Melalui contoh-contoh tersebut menjadi jelas bahwa ruang politik acapkali diarahkan melalui media sosial dan sejauh mana demokrasi telah dirusak oleh penggunaan media sosial.
Kemajuan teknologi telah membawa konsekuensi yang besar. Kecepatan dengan akses holistik terhadap berbagai hal menjadikan penyebaran informasi di ruang Internet kian tak terkendali. Di antara tingginya intensitas itu, dampak-dampak lain juga bermunculan.
Semakin banyak informasi yang beredar, semakin sempit waktu untuk mengecek terhadap korespondensi kebenaran. Alhasil, semakin sering kekeliruan dan distorsi terjadi. Inilah situasi yang disebut Lee McIntyre sebagai post-truth atau pasca-kebenaran.
Dalam buku Post-Truth (2018), dengan mengutip Oxford Dictionary, McIntyre mengawali penjabaran bahwa post-truth danggap berkaitan dengan atau menunjukkan keadaan ketika fakta objektif kurang berpengaruh dalam membentuk opini publik daripada daya tarik terhadap emosi dan keyakinan pribadi.
Para peramu definisi menggarisbawahi bahwa awalan "pasca" untuk menunjukkan bukan hanya gagasan bahwa kita adalah kebenaran "masa lalu" dalam arti temporal (seperti dalam "pascaperang") tetapi dalam arti bahwa kebenaran telah dikalahkan.
Untuk itulah, McIntyre menegaskan bahwa pasca-kebenaran bukan hanya tentang kebohongan dan sekadar pemutarbalikan fakta politik. Sebagaimana konstruksi Stephen Colbert mengenai istilah "kebenaran" yang didefinisikan sebagai diyakinkan oleh apakah sesuatu terasa benar, bahkan jika itu tidak selalu didukung oleh fakta.
Misalnya, kampanye yang sebagian besar tidak berdasarkan fakta mengenai Brexit di Inggris Raya. Saat itu ratusan unit bus mengiklankan statistik palsu bahwa Inggris mengirimkan 350 juta euro seminggu ke Uni Eropa.
Peningkatan penggunaan kampanye disinformasi oleh politikus terhadap rakyat mereka sendiri di Hungaria, Rusia, dan Turki, menunjukkan pasca-kebenaran sebagai bagian tren internasional yang berkembang.
Beberapa orang dengan kekuasaan besar merasa berani membelokkan kenyataan agar sesuai dengan pendapat mereka, bukan sebaliknya.
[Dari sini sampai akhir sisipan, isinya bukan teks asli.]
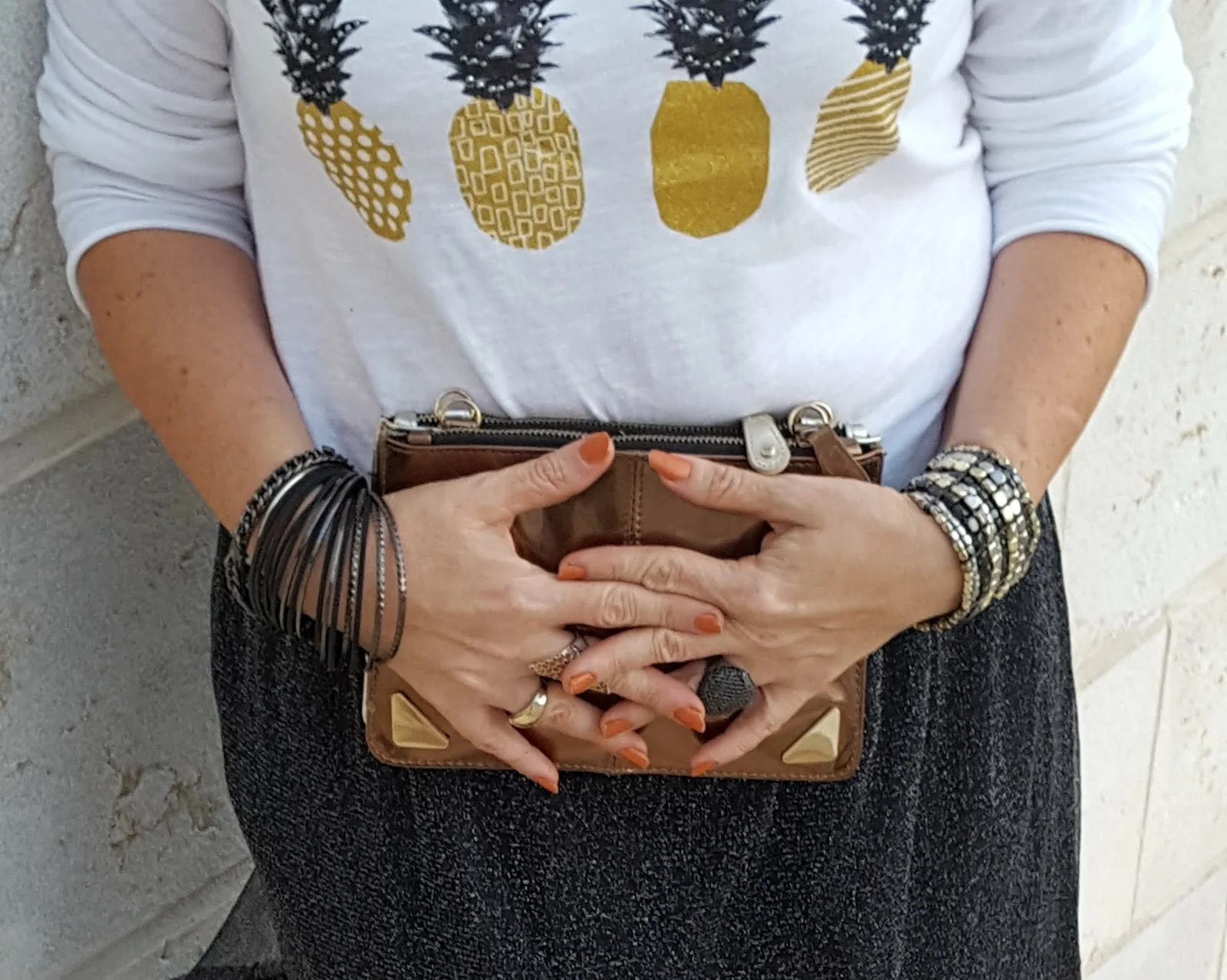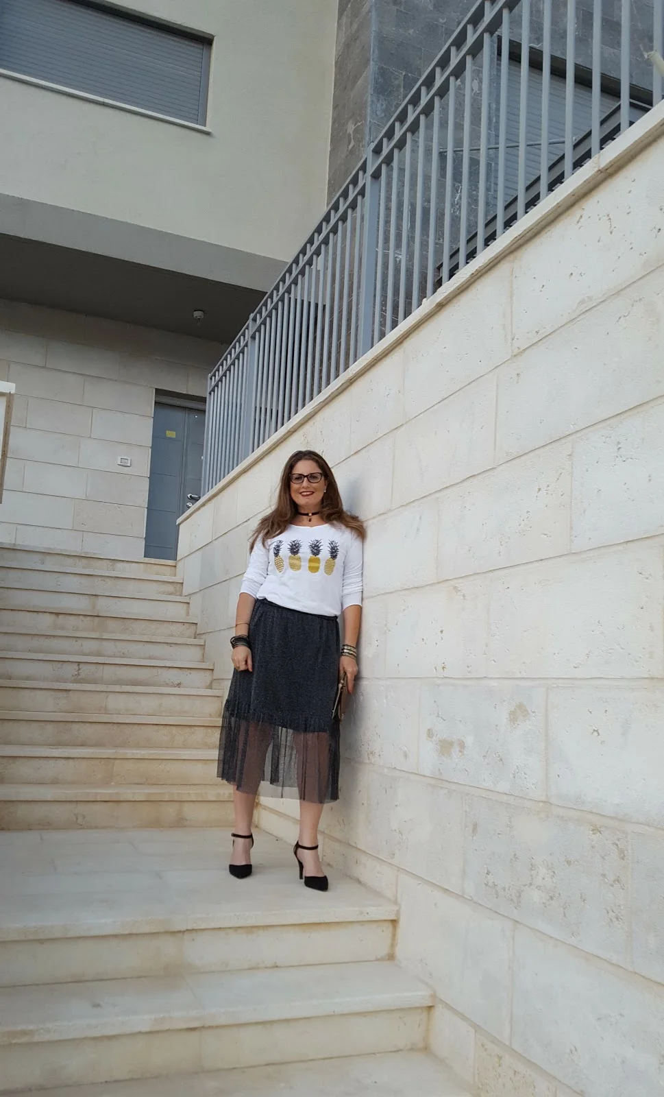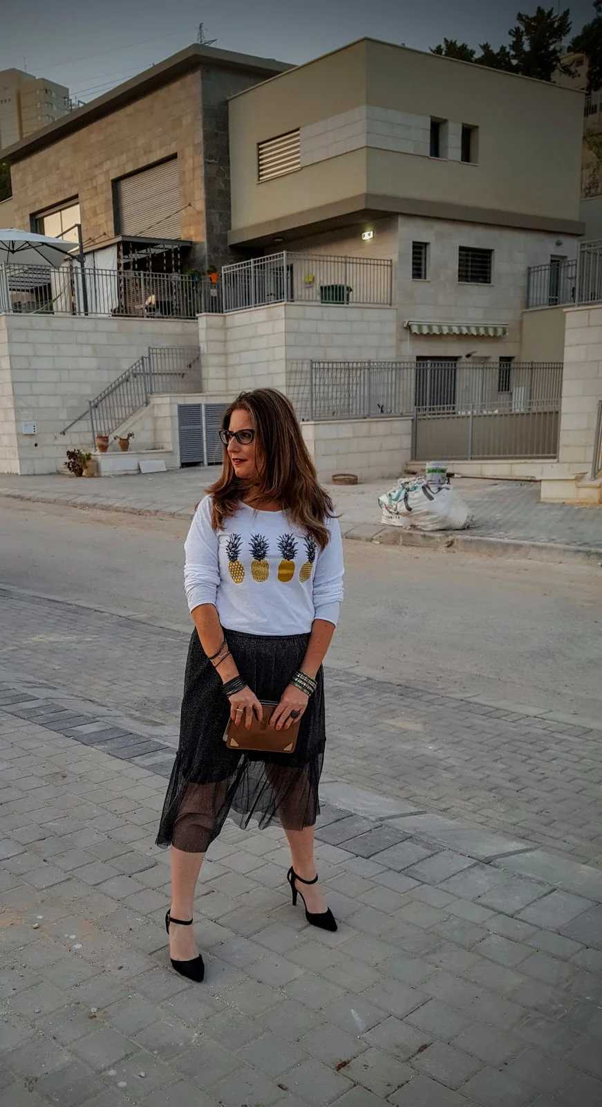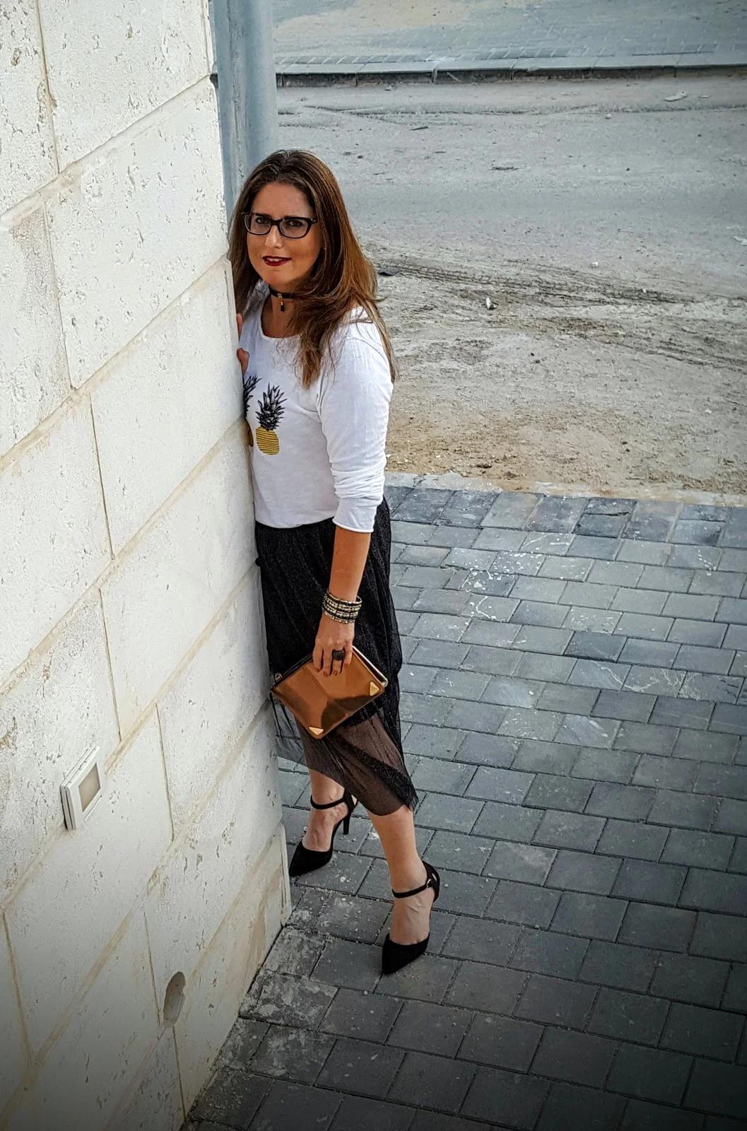 החצאית הזו היא הכי גלאם שיש ועל מנת שנוכל ללבוש אותה לא רק למסיבת סילבסטר או לאירוע מיוחד הכי מתאים שנחבר לה חולצת טי שרט שיכולה להיות לבנה חלקה ואם נרצה להיות מיוחדות אז כזו שאני בחרתי שיש בה כסף וזהב ביחד ולכן תשמש אותי פשוט לכל דבר ועוד עם אננסים אז בכלל…

Demikianlah, pada perkembangan terkini, khususnya di Indonesia, kita dapat dengan mudah menemukan berbagai hal yang serupa sebagaimana yang dijabarkan McIntyre.
Mulai dari berbagai data yang ditampilkan lembaga survei dan klaim kemenangan saat pemilihan presiden, informasi di media sosial yang sering kali parsial dan manipulatif, dan isu-isu yang disebarkan secara masif untuk kepentingan segelintir orang telah menjadi makanan sehari-hari.
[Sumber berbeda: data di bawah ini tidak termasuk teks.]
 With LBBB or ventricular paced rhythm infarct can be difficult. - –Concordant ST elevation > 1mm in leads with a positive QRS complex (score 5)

Kita paham bahwa post-truth menjadi masalah besar ketika seseorang, bahkan publik, tidak melakukan validasi terhadap informasi. Pertanyaan fundamental yang menyusul adalah ketika seseorang telah melakukan validasi, tetapi fakta yang muncul tidak seperti keinginannya, apakah orang itu akan percaya pada kebenaran itu?
Dalam politik praktis di Indonesia, tengok misalnya, ketika berbagai lembaga survei mulai merilis pemenang pilkada melalui quick count, sedangkan secara kolektif, beberapa lembaga tersebut ternyata memenangkan pasangan calon yang bukan pilihan Si A, lantas yang terjadi, orang itu tidak percaya meskipun hasilnya dapat divalidasi.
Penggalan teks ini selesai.